Signaling Pathways

Cue-Signal-Response Pathways in Human Cells

Early achievements of the CDP Center include the development of a 500-equation compartmental model of signaling by ErbB receptors (the family of four receptor tyrosine kinases that includes ERF receptor) that accurately captures the different dynamics of early signal transduction in mutliple tumor cell lines. This model is currently being used to explore the mechanistic basis of sensitivity and resistance to anti-ErbB drugs such as Iressa (Gefitinib), Erbitux and Herceptin. A similar physicochemical model has also been built for signaling events downstream of TNF, FAS and TRAIL. Attempts to fuse these models are underway, but are pushing the limits of current simulation and modeling techniques.

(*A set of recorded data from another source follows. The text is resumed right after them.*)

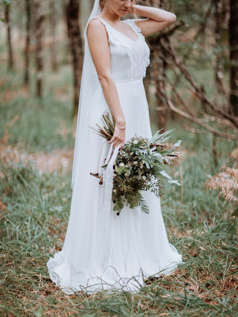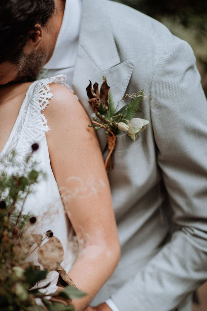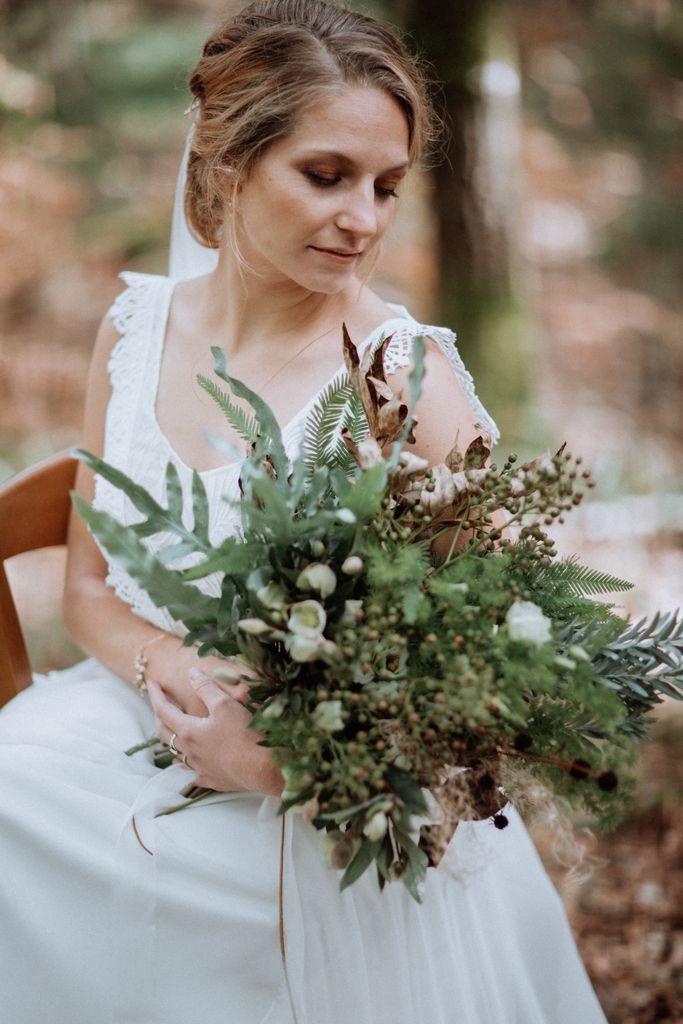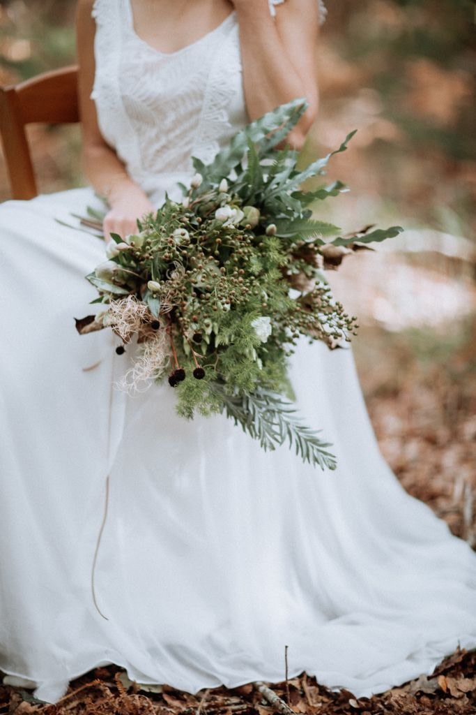 For the arch as well as the bridal bouquet, I played with textures in shades of green and soft brown.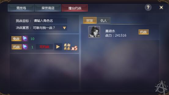 在擂台约战界面选择在线好友或仇人直接发起约战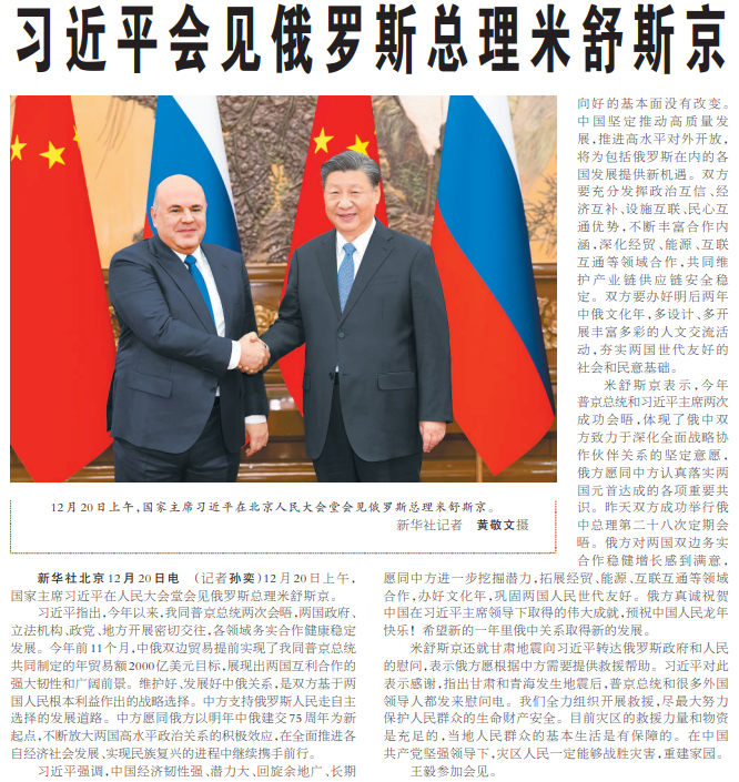 12月20日上午,国家主席习近平在人民大会堂会见俄罗斯总理米舒斯京。(今日《人民日报》1版)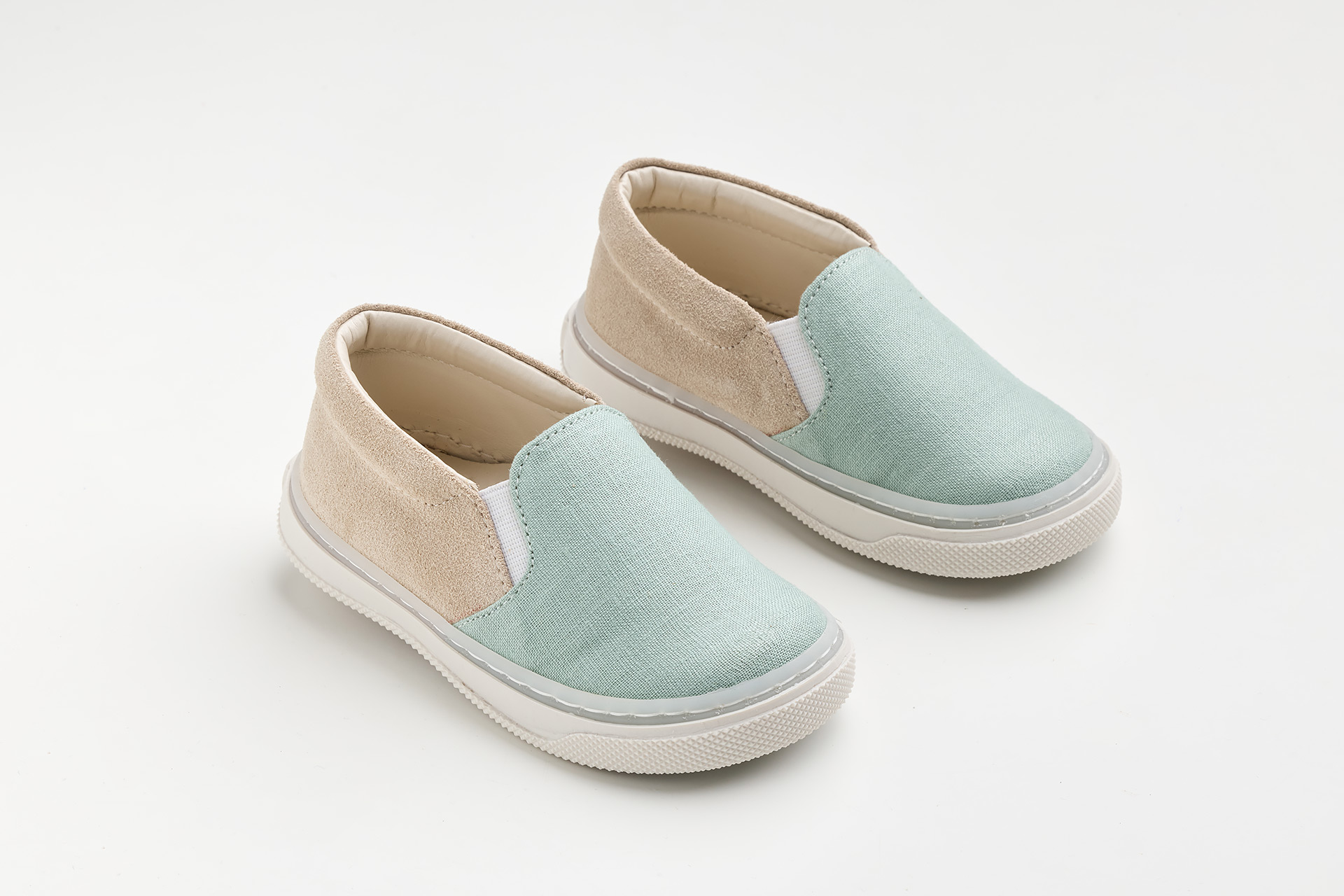 εσπαντρίγια περπατήματος, σε μέντα ύφασμα και μπεζ καστόρ δέρμα

A second important achievement in the CDP Center has been the completion by Kevin Janes, Suzanne Gaudet and John Albeck of a large-scale cue-signal (SCR) response data compendium. This compendium comprises about 20 different protein signals, assayed over a 24 period in human cells treated with ten different cytokine combinations. Overall, the compendium contains in excess of 10,000 data points obtained in triplicate and has served as a basis for an extensive statistical modeling. One of the most interesting results from this modeling has been the discovery that the treatment of cells with TNF elicits a three-step autocrine cascade of opposing death and survival signals. Within this cascade, extracellular crosstalk is every bit as complex as intracellular crosstalk. We surmise that opposing autocrine loops are involved in the process by which cells sense and respond to changes in their local environment. The cytokine cascade also has the interesting property of linking several pro-inflammatory pathways together, and may yield new understating of diseases such as Rheumatoid arthritis.